The Royal Mail pension fund is added to the UK's balance sheet, and the cost of the Bradford and Bingley bailout written off.

From the Bank of England "excess cash" is being passed to the Government under an asset purchase plan.

Government departments are required to make an extra 1% saving.

UK to continue to make a .7% contribution in international aid.

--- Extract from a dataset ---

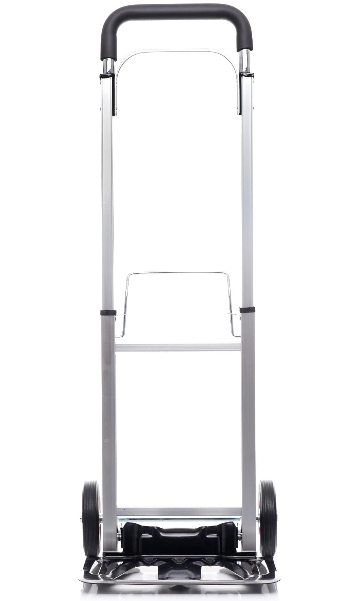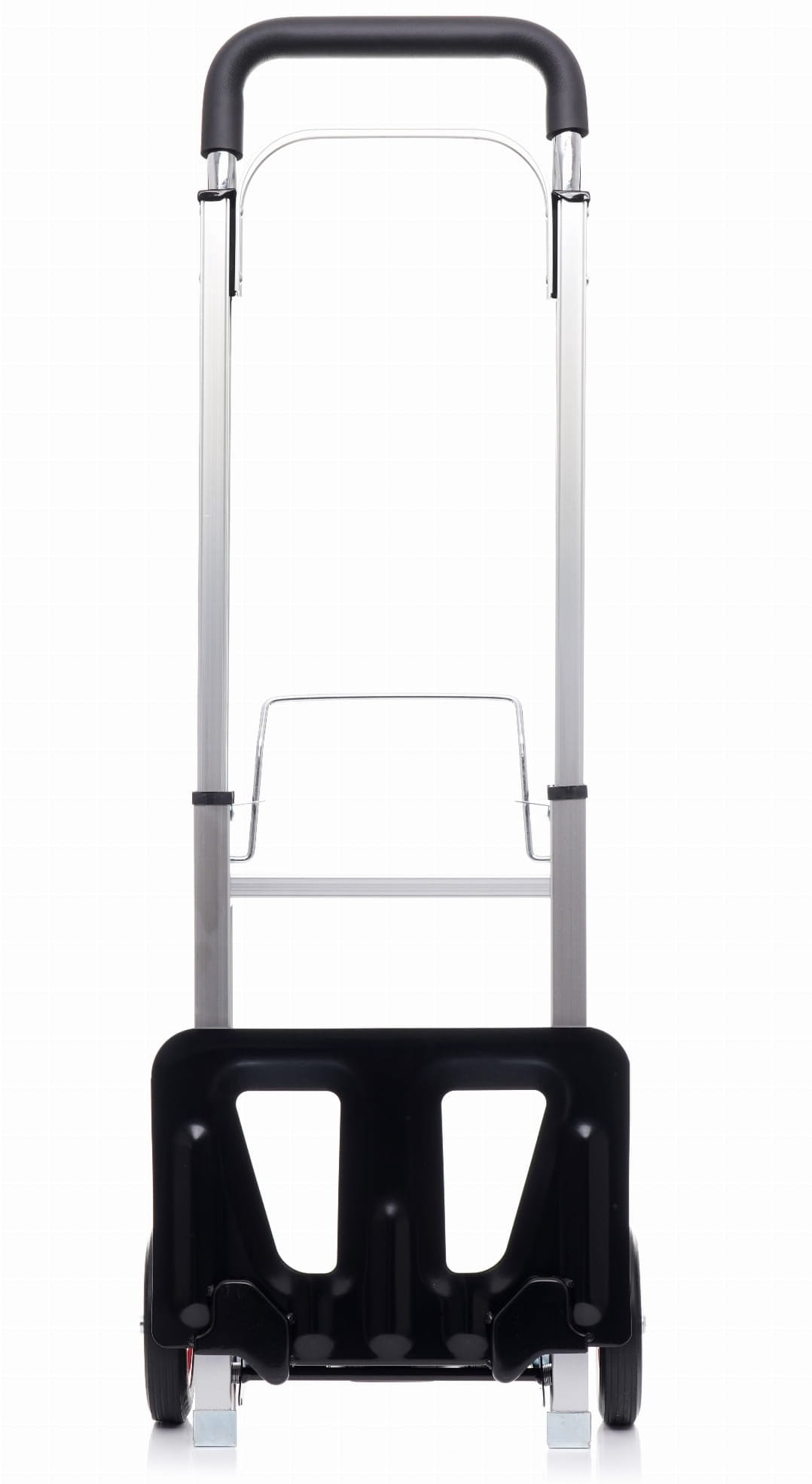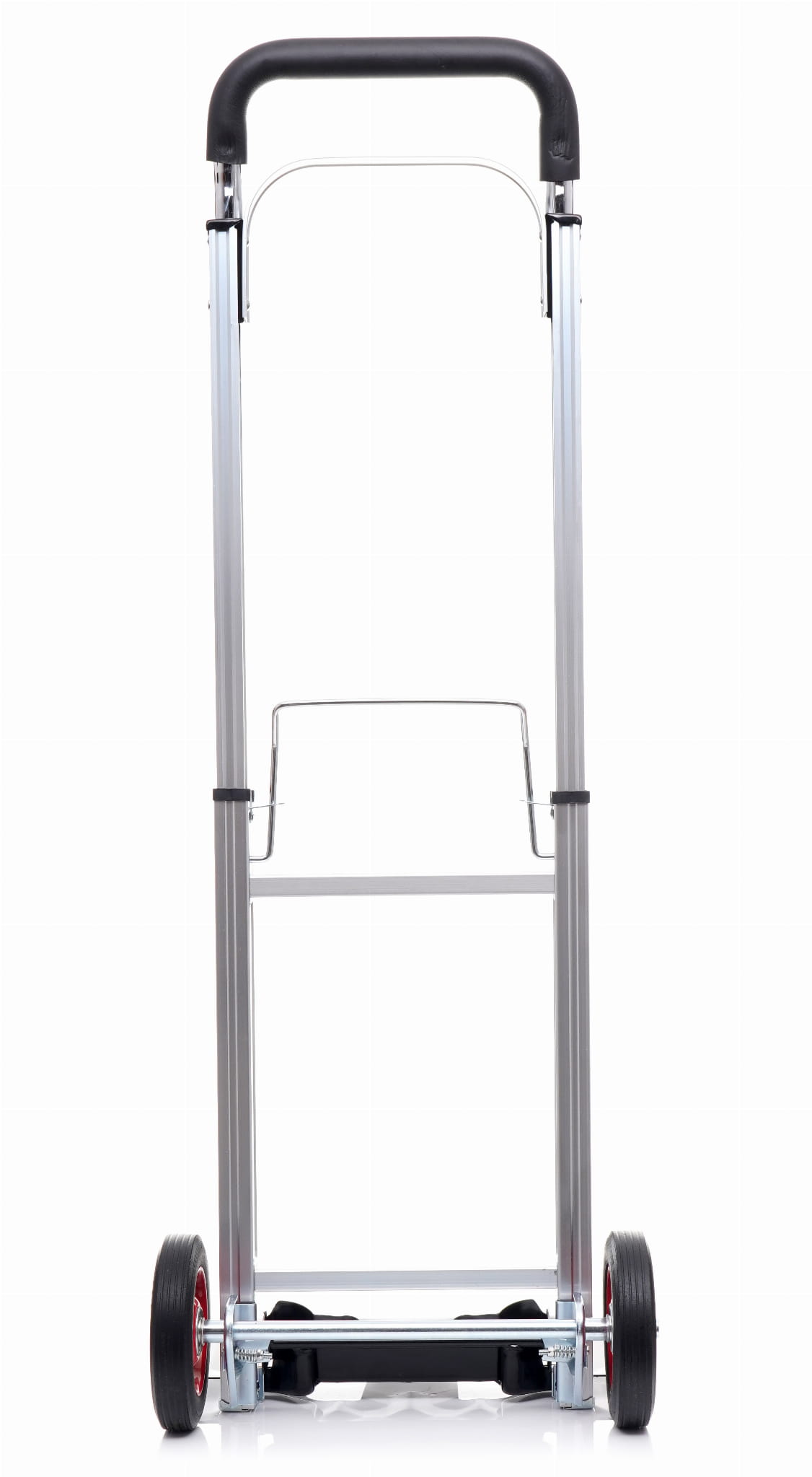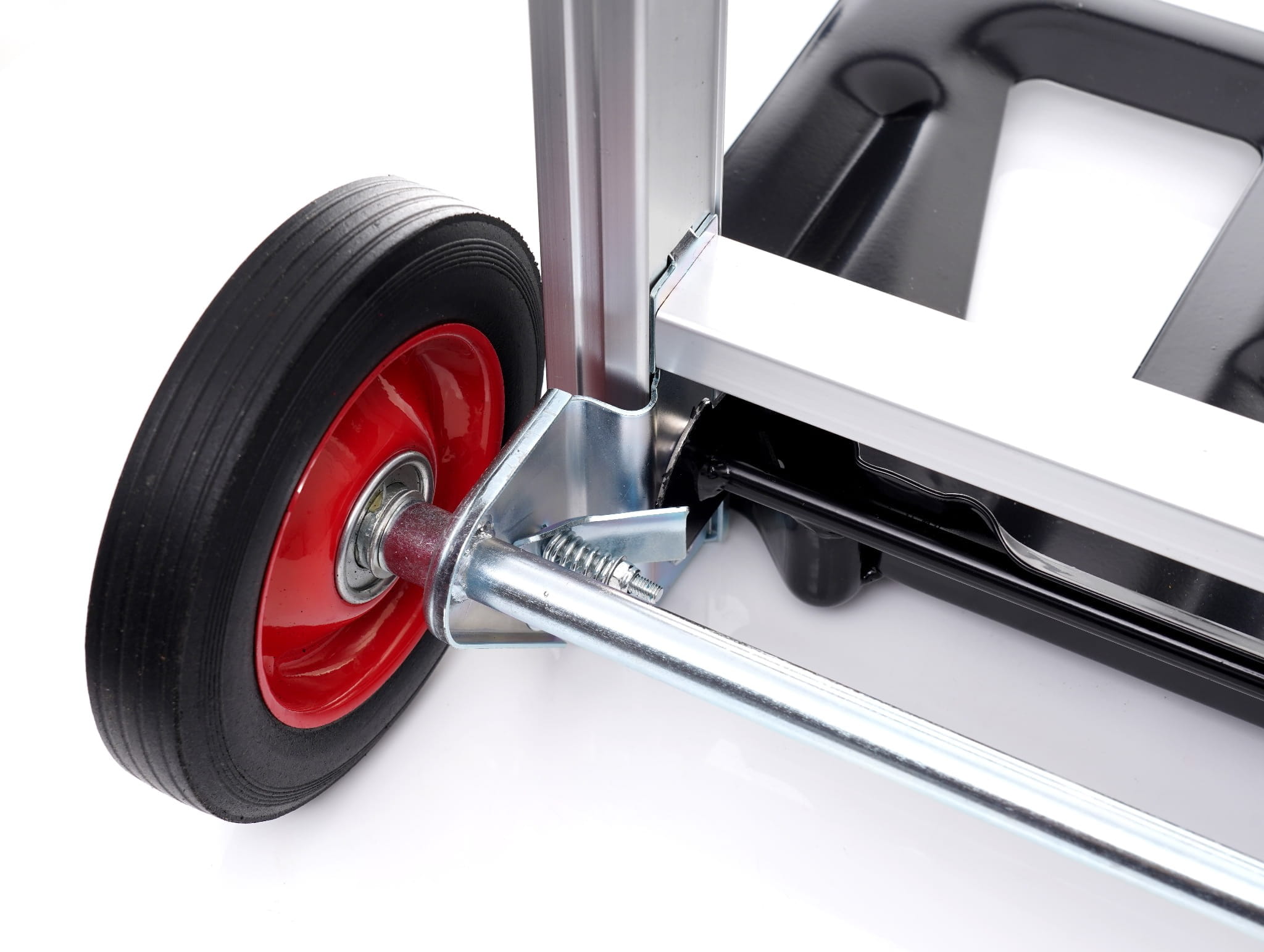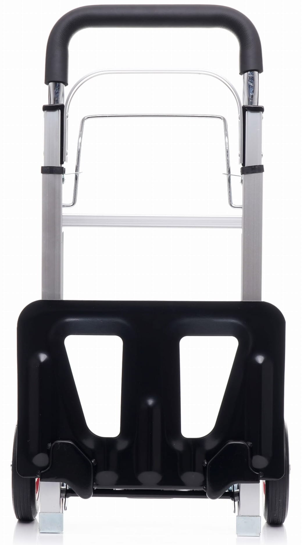 Platforma ładunkowa o wymiarach 24 × 36 cm jest wzmocniona dodatkowymi podporami, które zwiększają jej sztywność pod obciążeniem. Ergonomiczny uchwyt z gumowaną rękojeścią poprawia pewność chwytu przy prowadzeniu wózka.

£5 billion reinvestment plan, so public investment as a share of GDP higher than under previous government:

  • £1 billion to roads
  • £1 billion loan to extend underground east
  • Broadband to countryside, super-fast to small "cities"
  • £1 billion to free schools and academies
  • Details of the replacement to the "discredited" PFI


Mr Osborne was very careful not to talk in any detail about the taxation of multinationals - a significant ommission given the media attention and the House of Common's Public Accounts Committee's interest  in those companies such as the Starbucks, Googles and Amazons questioned by MPs in November, which set up HQs in low tax jurisdications such as Luxembourg. He is keen to show that "Britain is open for business" but as benefits are cut and the pressure grows on individuals to pay their way it is easy to see that that the government are going to have to face up to the fact that there is a growing wave of resentment against those companies and individuals who are too big to bother about being taxed in Britain.